### ABOUT THIS TASK
Leave out the pictures and retype exactly the lines from the one with "It’s the event" through the end of the records.
---------- DATA EXTRACTS ----------
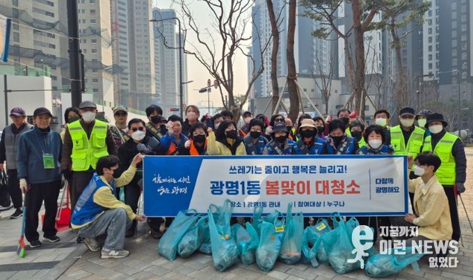 이런뉴스(e-runnews) 김삼성 기자 | 광명시 광명1동 행정복지센터는 지난 17일 깨끗하고 쾌적한 생활환경을 조성하기 위해 유관 단체와 주민들과 함께 ‘봄맞이 대청소’를 실시했다.
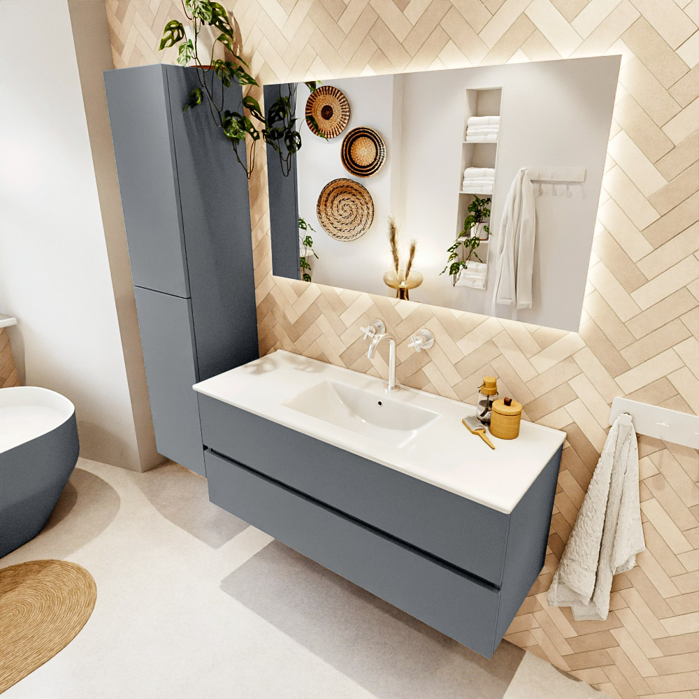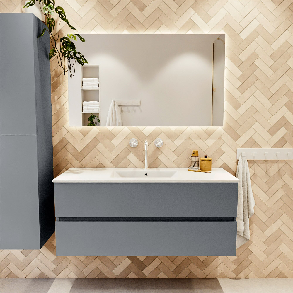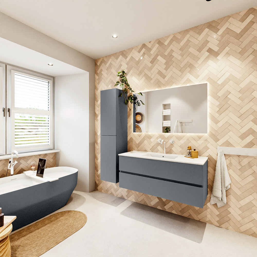 En español: Ya sea que elija un color o un acabado de madera, un mueble de baño a medida, con o sin agujeros para grifos, el conjunto de muebles de baño Vica lo tiene todo. Con la serie Vica, puede elegir entre 3 modelos de lavabos: CLOUD y MOON en Solid Surface, con opciones de lavabo a la derecha, izquierda, en el medio o doble, y con o sin agujeros para grifos. También está el lavabo de cerámica DENIA con opciones en el medio y doble. El conjunto de muebles de baño Vica está disponible en una amplia gama de tamaños estándar, desde 60 cm hasta 200 cm, que aumentan en incrementos de 10 cm. El mueble de baño Vica está disponible en hasta 25 colores, incluyendo nuestros colores especiales Oro y Plata. Si no encuentra el tamaño o color ideal, siempre es posible hacer un pedido a medida. También puede coordinar su baño completo con columnas, bañeras, nichos y accesorios, todos en el mismo color. Con el conjunto de muebles de baño Vica, tendrá un mueble fantástico que completa su baño.
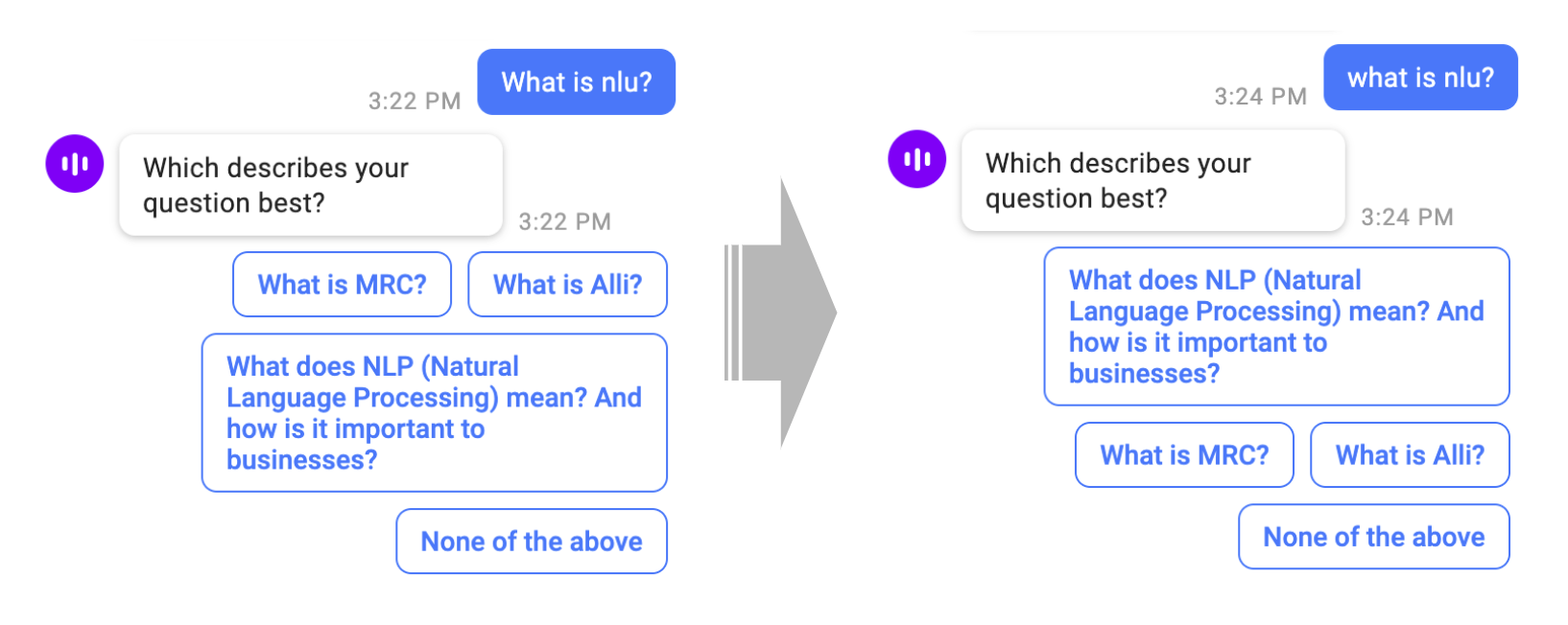 Since the Q&A with the highest User Score is displayed first, you'll see that the order of the options changes as the User Score changes. If the User Score is high enough and is above the Direct Answer Threshold, then the answer will be displayed directly to customers with similar search queries.
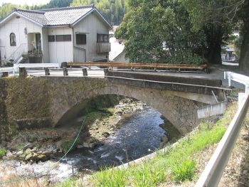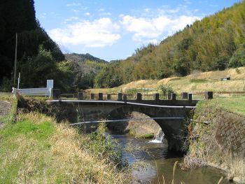 | 上中津川橋 牧園町宿窪田 小谷川 橋長:12.1m 橋幅:3.9m 径間:10.0m 拱矢:3.0m 架橋:明治32年 |
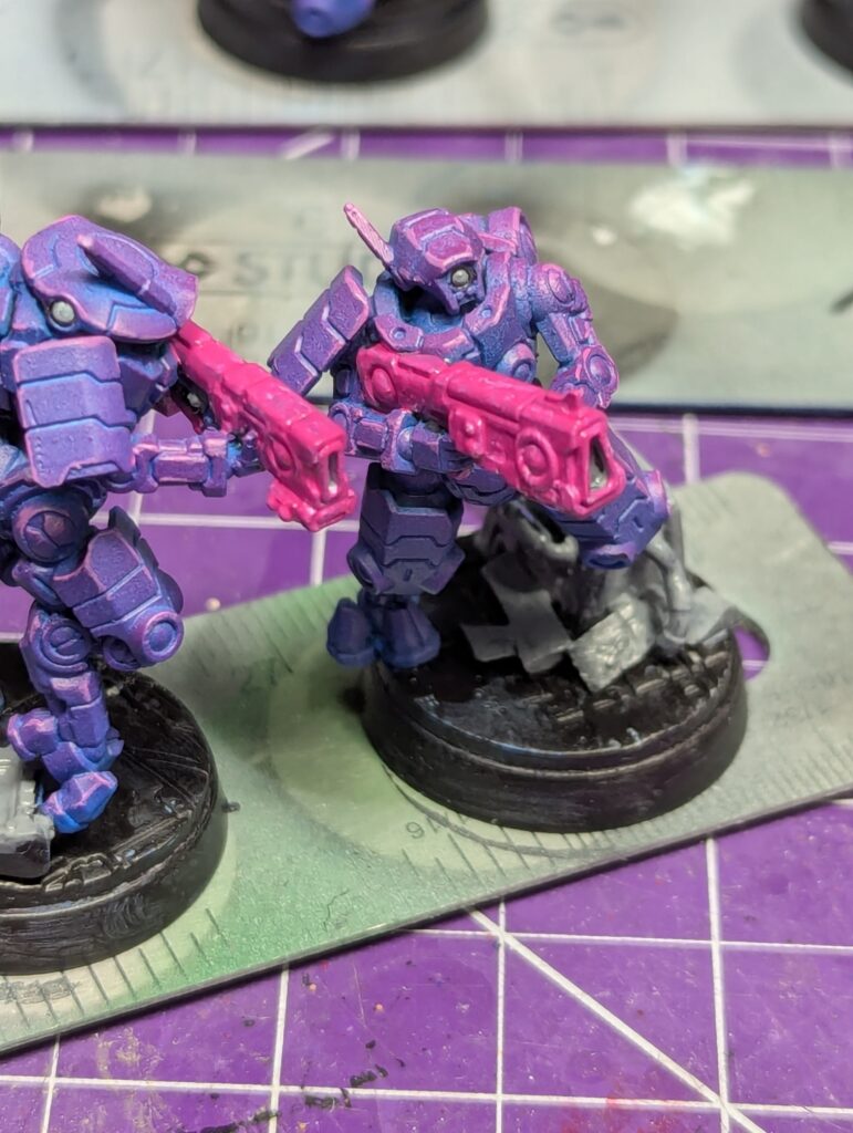 With some bright pink edge highlighting, I felt really good about my colours. I then tried to get an eye-searing pink on my guns. Which is when I remembered that magenta doesn’t cover for shit and I needed more than the four base layers of black, dark grey, light grey, and streaky white underneath to get a decent looking gun. I eventually gave up, and the ninth coat of paint was a black to hide the catastrophe, with a silver drybrush to make it look metallic. I could have airbrushed a single layer of primer, but nothing besides stripping would have saved those guns and I wasn’t gonna redo all the other work.
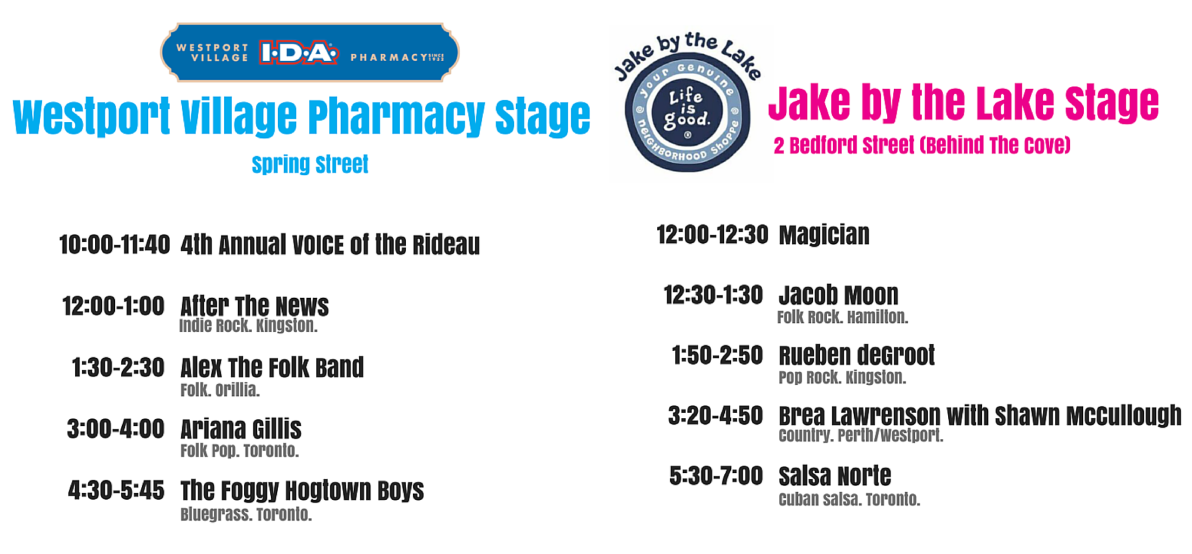 It’s the event you’ve all been waiting for! The *free* MUSICwestport Open Air Music Festival returns 15 August 2015. With 2 stages, 8 bands, the popular VOICE of the Rideau singing contest finale and the Spring Street Festival, WAC promises a full day and full range of music and entertainment for all ages.
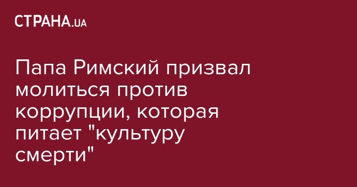 "Что лежит в основе рабства, безработицы, пренебрежения общими благами и природой? Коррупция, смертоносный процесс, питающий культуру смерти. Ибо жажда власти и жажда обладания не имеет границ. С коррупцией невозможно справиться молчанием. Мы должны говорить о ней, обличать ее зло, мы должны понимать ее и проявить волю, чтобы милосердие возобладало над убогостью, а красота над ничтожеством. Помолимся вместе, - призывает в заключение Папа Франциск, - дабы те, кто обладает материальной, политической или духовной властью, не оказались во власти коррупции", - говорит Папа.
----------
### PROBLEM SOLUTION
 It’s the event you’ve all been waiting for! The *free* MUSICwestport Open Air Music Festival returns 15 August 2015. With 2 stages, 8 bands, the popular VOICE of the Rideau singing contest finale and the Spring Street Festival, WAC promises a full day and full range of music and entertainment for all ages.
 "Что лежит в основе рабства, безработицы, пренебрежения общими благами и природой? Коррупция, смертоносный процесс, питающий культуру смерти. Ибо жажда власти и жажда обладания не имеет границ. С коррупцией невозможно справиться молчанием. Мы должны говорить о ней, обличать ее зло, мы должны понимать ее и проявить волю, чтобы милосердие возобладало над убогостью, а красота над ничтожеством. Помолимся вместе, - призывает в заключение Папа Франциск, - дабы те, кто обладает материальной, политической или духовной властью, не оказались во власти коррупции", - говорит Папа.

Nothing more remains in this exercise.